TO DO :: Starting at the top of the records below and ending with the line that contains "American National Bank Building", print each line exactly as written, skipping the pictures.

Records excerpted from a collection:
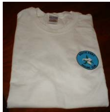
SPSC men's and ladies tees $10.00 each

T-shirts, polos, windshirts, burgees, crests, caps, etc. are available by emailing robtim@cogeco.ca . Items, including pricing, are in the display case in the SPSC foyer. Jackie Timothy will be happy to drop your order off at your home, or meet you at the Club.
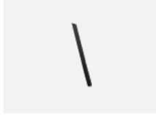
00-00352, B cable 3x0,75 2000mm, black
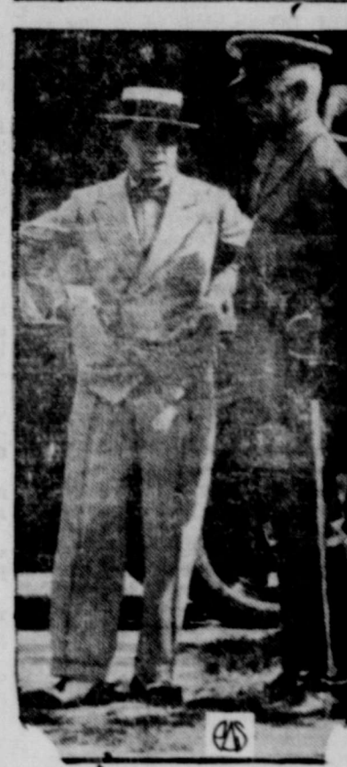
The Prince of Wales stopped off in Panama on the way to South America and General Preston Brown, U. S. Aviation Corps, commandant at France Field, showed him around. The Prince was very normal about it, as the photograph shows.
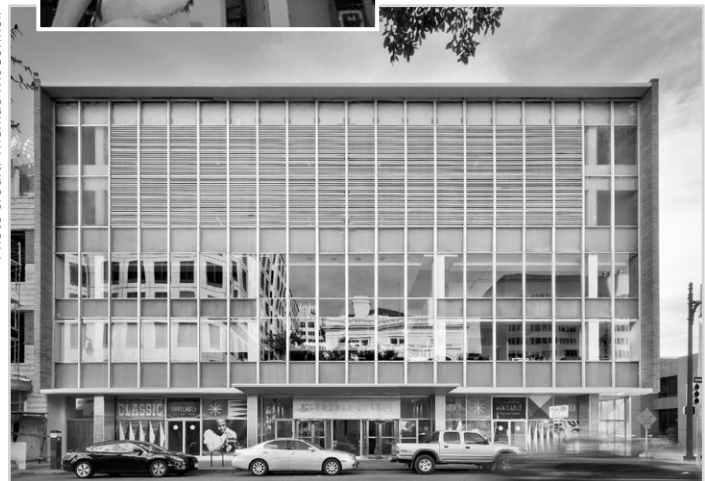
American National Bank Building
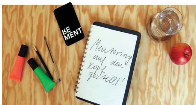
Fig. 2 Reverse-mentoring postcard; German text: "Mentoring turned on its head!"

Besides the organisational issues, one main task of program managers is the promotion of the mentoring program inside and outside school. This can be through the use of flyers, as shown in Fig. 2, presentations for the colleagues and in class, articles for newsletters and blogs or texts in newspapers. Also the official events of the program, the kick-off and the closing event (see below), can be used for the promotion of the reverse-mentoring program.
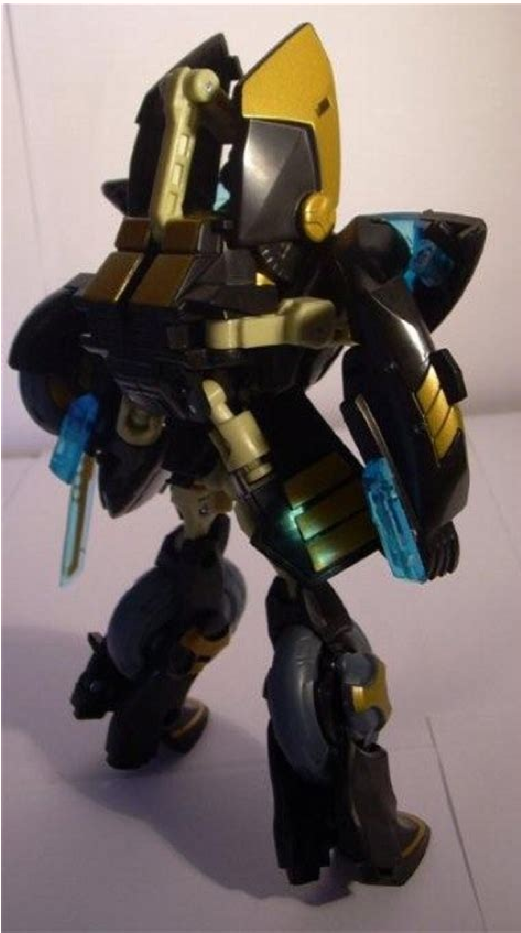
Transformers animated samurai prowl toy
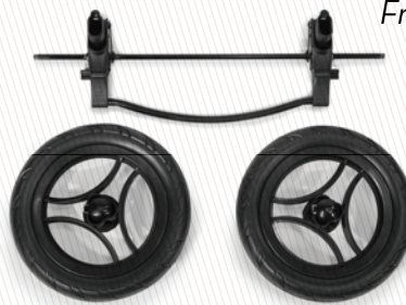
Rear Wheels and Axle
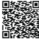
BCCDC test results
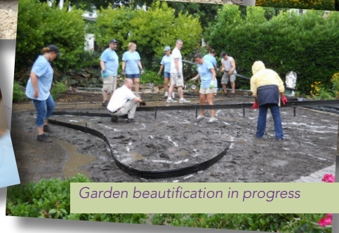
Garden beautification in progress
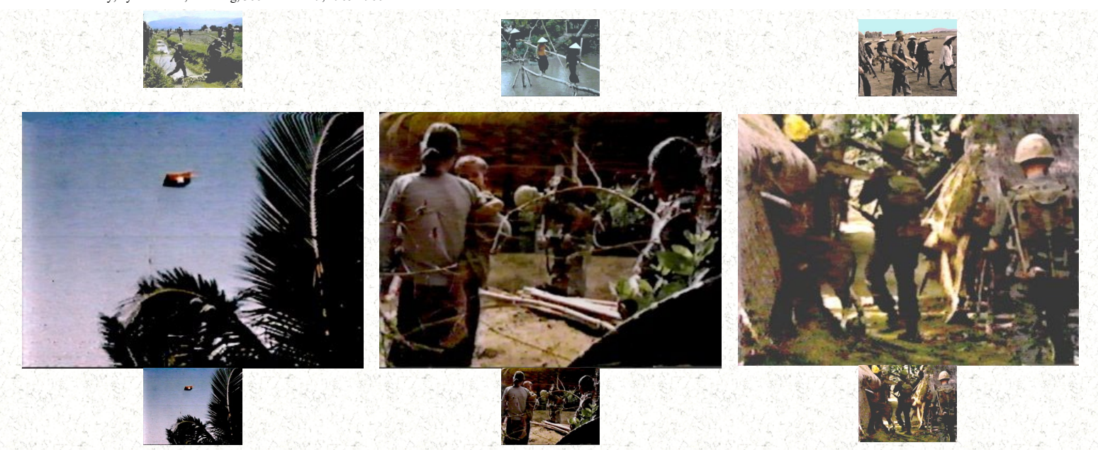
Page-1 • Page-2 • Page-3 • Page-4 • Page-5

ANSWER TO THE EXERCISE ::
SPSC men's and ladies tees $10.00 each

T-shirts, polos, windshirts, burgees, crests, caps, etc. are available by emailing robtim@cogeco.ca . Items, including pricing, are in the display case in the SPSC foyer. Jackie Timothy will be happy to drop your order off at your home, or meet you at the Club.
00-00352, B cable 3x0,75 2000mm, black
The Prince of Wales stopped off in Panama on the way to South America and General Preston Brown, U. S. Aviation Corps, commandant at France Field, showed him around. The Prince was very normal about it, as the photograph shows.
American National Bank Building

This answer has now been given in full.